(AVAILABLE DATA)

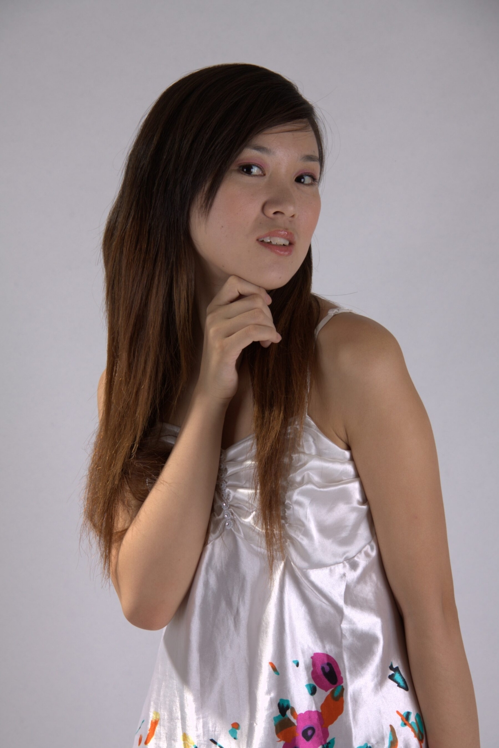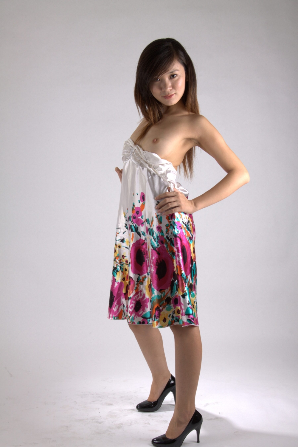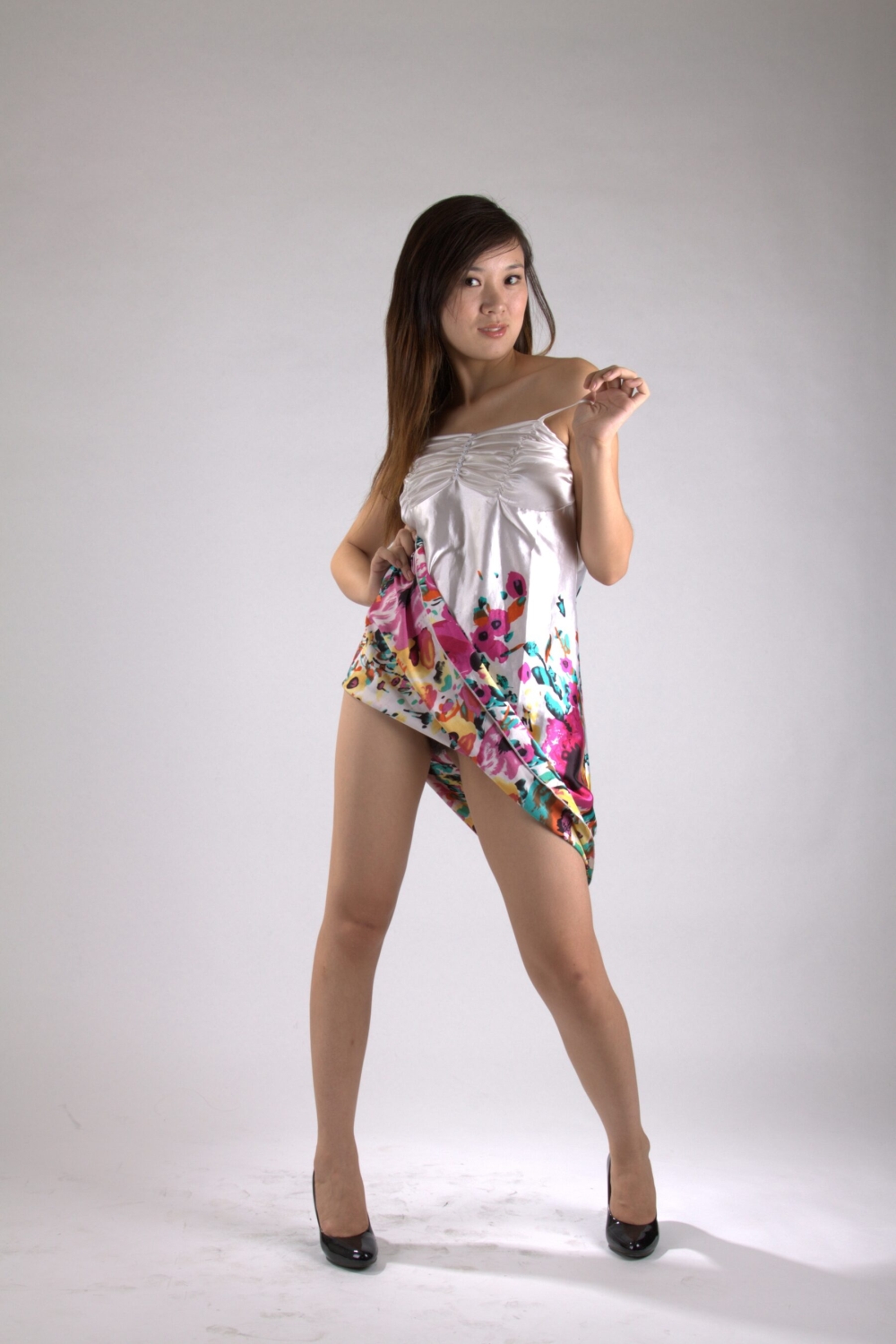 [ドレスフェチ] 芋っぽい娘はノーパンノーブラ!?生脚美脚につるつる光沢サテンワンピースドレスの着衣フェチエロ画像 52枚
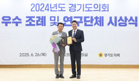 김성수 의원. 6월 26일, ‘경기도 청소년 문화예술 활동 지원 조례’ 로 ‘2024년도 경기도의회 우수 조례상 수상. (사진=경기도의회) |
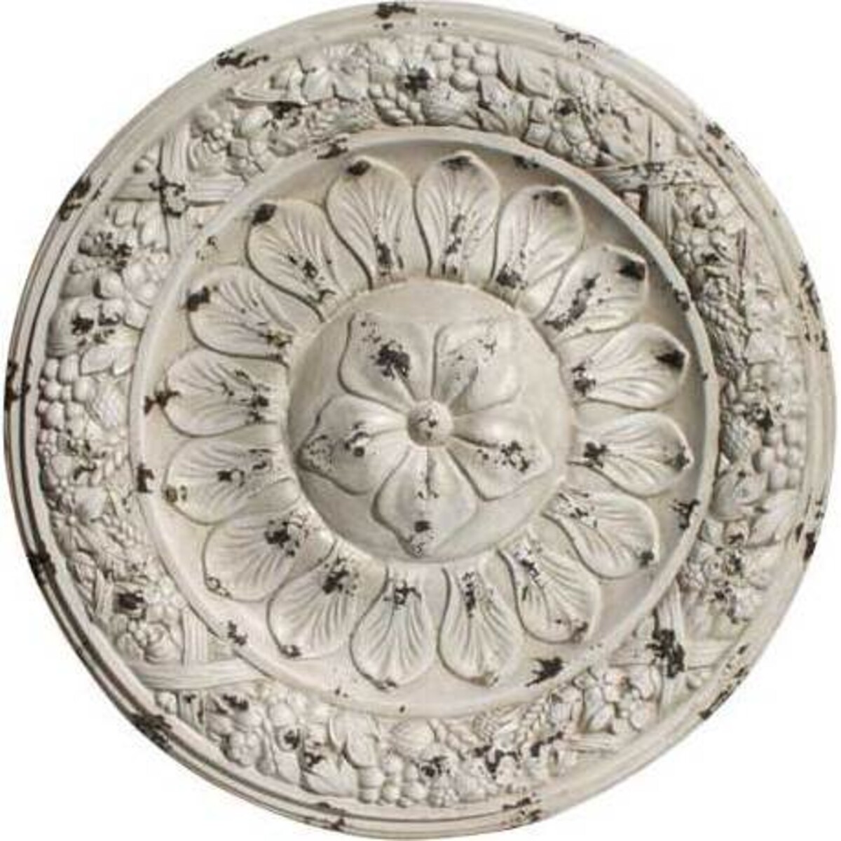 This gorgeous stone coloured decorative accent features a compact floral border along the edges as well as a single flower at the center and petal detailing in between. The entire piece is slightly worn with a dark brown contrast to give it the illusion of wear and weathering, as if it was plucked right off the shelves of an antique store. This artwork may look old and expensive, but anyone who sees it will never know the difference, and will surely offer up plenty of compliments. Don't worry, we'll keep your secret.
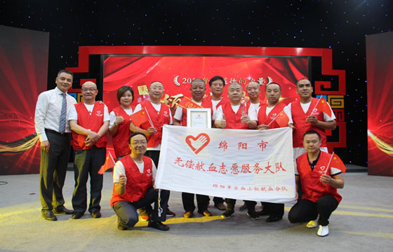 7月4日,在绵阳市精神文明建设委员会主办的2018年度“道德的力量”的颁奖典礼上,绵阳市无偿献血志愿服务大队单采血小板分队荣获“2018年度感动绵阳十大人物”称号。市委书记、市文明委第一主任刘超向分队队长刘洪颁发了荣誉证书和奖杯,充分体现了绵阳市委对无偿献血工作的重视与支持。
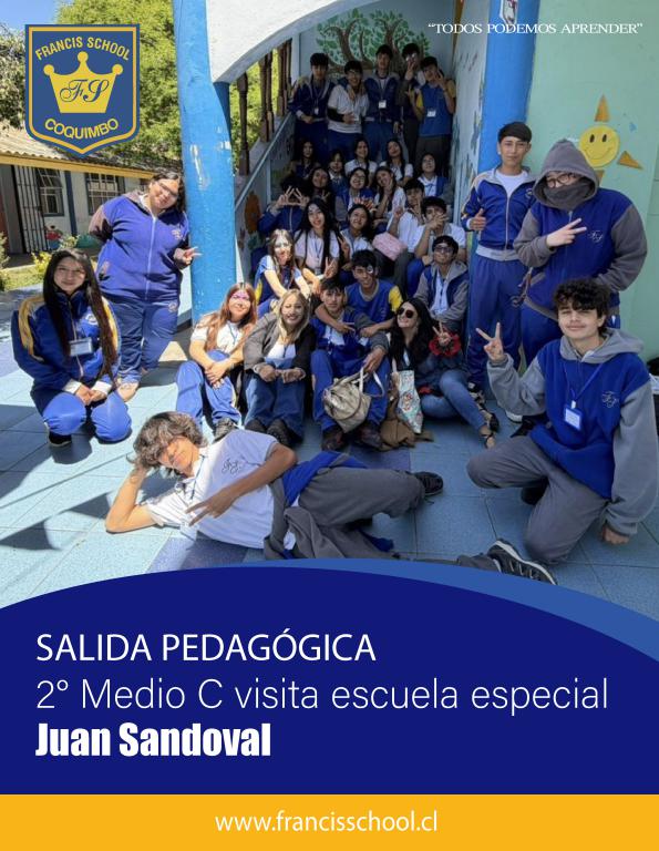 El viernes 7 de noviembre, el curso 2° Medio C realizó una salida pedagógica a la escuela especial Juan Sandoval, en el marco de la Unidad 3 de Religión, cuyo propósito fue que los estudiantes desarrollen su vocación de servicio y conozcan contextos distintos al propio, especialmente en torno a la inclusión.

(End AVAILABLE DATA)

EXERCISE INSTRUCTIONS: Return only what lies between the line containing "7月4日,在绵阳市精神文明建" and the last line of the listing, those two lines included, exactly as written and with no pictures.

EXERCISE RESPONSE:
 7月4日,在绵阳市精神文明建设委员会主办的2018年度“道德的力量”的颁奖典礼上,绵阳市无偿献血志愿服务大队单采血小板分队荣获“2018年度感动绵阳十大人物”称号。市委书记、市文明委第一主任刘超向分队队长刘洪颁发了荣誉证书和奖杯,充分体现了绵阳市委对无偿献血工作的重视与支持。
 El viernes 7 de noviembre, el curso 2° Medio C realizó una salida pedagógica a la escuela especial Juan Sandoval, en el marco de la Unidad 3 de Religión, cuyo propósito fue que los estudiantes desarrollen su vocación de servicio y conozcan contextos distintos al propio, especialmente en torno a la inclusión.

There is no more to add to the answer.